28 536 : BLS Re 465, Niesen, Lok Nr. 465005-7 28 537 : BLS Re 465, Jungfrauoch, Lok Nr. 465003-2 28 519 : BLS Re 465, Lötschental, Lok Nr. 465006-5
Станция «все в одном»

::::::::

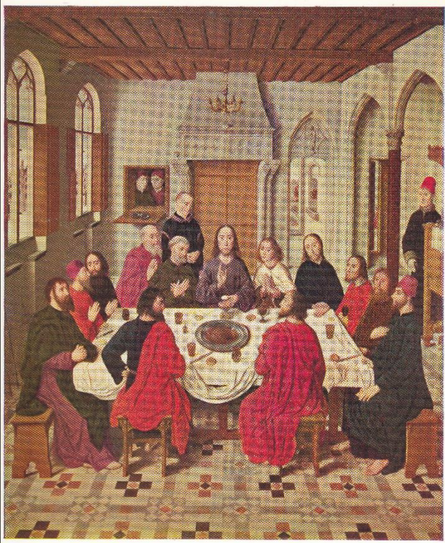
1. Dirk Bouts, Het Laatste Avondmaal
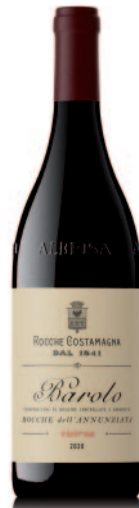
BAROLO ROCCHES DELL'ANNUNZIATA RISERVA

::::::::

:: Exercise brief ::
From the listing above, repeat only the lines between the line containing "1. Dirk Bouts, Het Laatste Avondmaal" and the line containing "BAROLO ROCCHES DELL'ANNUNZIATA RISERVA", those two included. Pictures are not part of the copy.

:: Answer section ::
1. Dirk Bouts, Het Laatste Avondmaal
BAROLO ROCCHES DELL'ANNUNZIATA RISERVA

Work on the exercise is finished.